Не поймает. Он подумал и об этом. Из зайца он ловил в тот миг, когда выходило, – а тут выходить нечему, оно уже вышло и лежит. Он решил, что лежащее взять проще, чем летящее: на то оно и лежит.

Опасно. Про это говорили все и всегда, и Мин отнёсся к этому серьёзно. Он расписал:

– идти день, значит уйти можно за день; – пробыть недолго, начать с малого; – мерить себя вдохами, как мерил девять лет; – если вдохи пойдут вниз – уходить сразу.

Последнее он подчеркнул и был им особенно доволен. У него была мера. Не чутьё, не «просится», а число, которое он ведёт с тринадцати лет и в котором знает каждое своё значение.

Мера была надёжная. Она за шесть лет ни разу его не подвела.

Пошёл он в конце апреля, когда сошёл снег и стало видно землю.

Старику он сказал, что идёт за первым корнем на дальние ямы, и это было первое враньё за десять лет, и оно далось ему легче, чем он ожидал.

Он взял на три дня еды и рассчитывал на один.

Плешь он увидел издалека и опознал сразу.

Лес шёл, шёл – и кончался.

Он не редел и не сходил на нет, как сходит лес у болота или на камнях. Он кончался чертой. По ту сторону черты стояло голое: серо-бурая земля, кочки, редкая жёсткая трава пучками, и всё это шло версты на полторы и упиралось в лес с другой стороны.

Мин прошёл вдоль опушки с четверть версты, глядя.

Черта была ровная. Не круглая, не прямая, а неправильная – как бывает неправильно пятно, – но резкая: вот сосна, вот в шаге от неё уже ничего.

Он присел и посмотрел на землю по обе стороны.

Земля была одна и та же.

Он вошёл в полдень.

Первое, что он отметил, – тишина.

Не было птиц. Он стоял и слушал, наверное, четверть часа, и не услышал ни одной, а за спиной, в лесу, они шли обычным весенним ором.

Не было и мошки, хотя стоял конец апреля и в лесу её уже подняло.

Второе, что он отметил, – тяжесть.

Она пришла не сразу, шагов через двести, и была на удивление знакомая: так бывает, когда не выспался и делаешь третий час подряд что-то, чего не хочешь. Ноги пошли хуже. Мысли пошли короче.

Он остановился и записал у себя: двести шагов, стало тяжело.

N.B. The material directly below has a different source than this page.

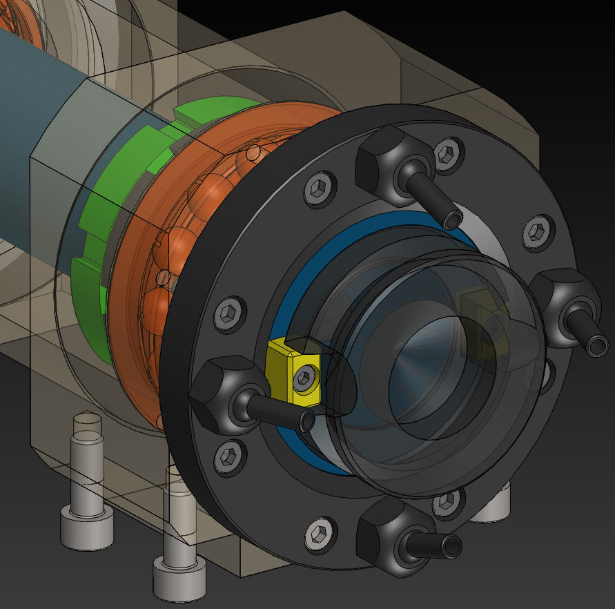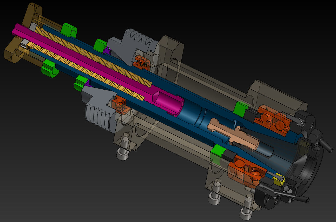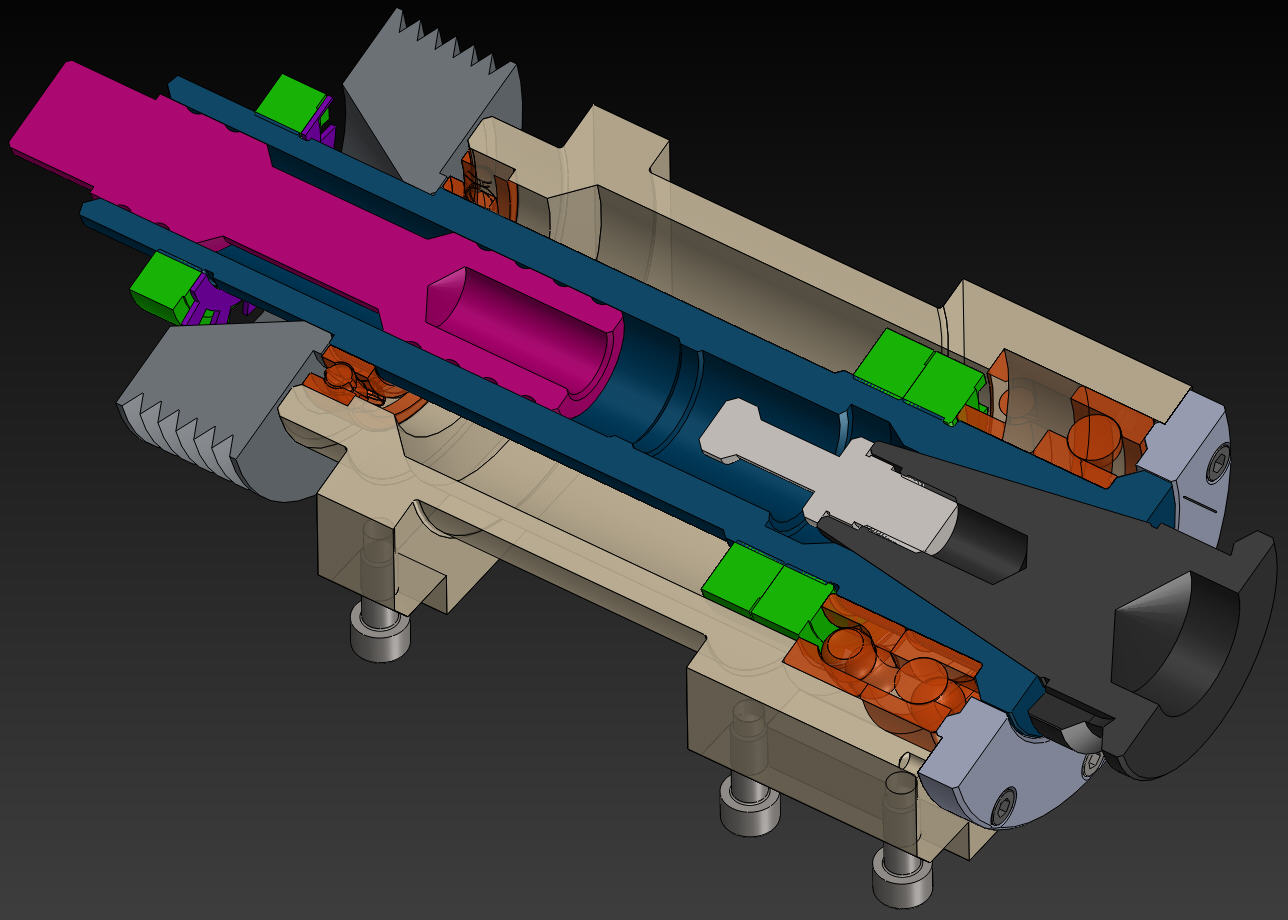 Možná pomůže fotka - jsou na ní cartridge do tříosky, ta horní je dead, ale to není důležité. Takže - zleva - to černé s půlkruhovým vykrojením je uvolňovací tyč nástroje, na ni působí pneupíst, opírá se však o vnitřek, to vykrojení slouží pro indukční snímání toček. Dále napravo je vidět matice, která stahuje celý systém talířových pružin, napravo od ní je vidět právě ten záchyt axiálních sil (je černý) o něj se opíra píst při výměně. Pak je vidět dvojice harních ložisek, to dírkované vedle nich je kroužek pro vyvažování. Dále napravo je pak těleso rotoru, vedle něj dolní vyvažovací kroužek. A pak už je jen uložení spodního ložiska. K tomu unašeči - jen malé upozornění, při jejich použití je třeba mít vřeteno s enkodérem - lidově řečeno aby vědělo, jak je natočené, protože jinak nemá šanci trefit unašeč.

Он это заметил и не испугался, потому что это было ровно то, о чём говорили все и всегда, и он был готов.

Он смотрел, и он увидел.

Земля была полна.

Он не мог сказать «густа» – густым он называл живое, а тут живого не было вовсе. Это было другое: тяжёлое, ровное, лежащее, и оно шло от земли на высоту колена и выше, и стояло неподвижно, и его было столько, что первые минуты Мин просто смотрел и не мог оторваться.

Он присел и потрогал землю рукой.

Рука ничего не почувствовала. Земля была земля, сырая и холодная.

А смотрение говорило: полно.

Он сел прямо там, на кочку, и стал держать.

Он делал всё, как научился.

Он смотрел на то, что лежало в земле, – и одновременно помнил себя: вот я, вот руки, вот дышу, вот кочка подо мной сырая.

Обе вещи разом, и обе целиком.

И оно встало сразу.

Он даже растерялся: у него это никогда не вставало с первого раза, всегда рвалось на первых двух-трёх попытках, и он привык тратить на разгон четверть часа.

Тут встало.

Он стал считать вдохи.

Десять. Двадцать. Он ждал срыва на седьмом, потому что дольше семи он не держал ни разу за всю жизнь.

Тридцать.

На тридцати он чуть не сбился от того, что подумал про тридцать, – и удержал, и пошёл дальше.

Сорок один.

Он разжался сам, потому что затекла спина.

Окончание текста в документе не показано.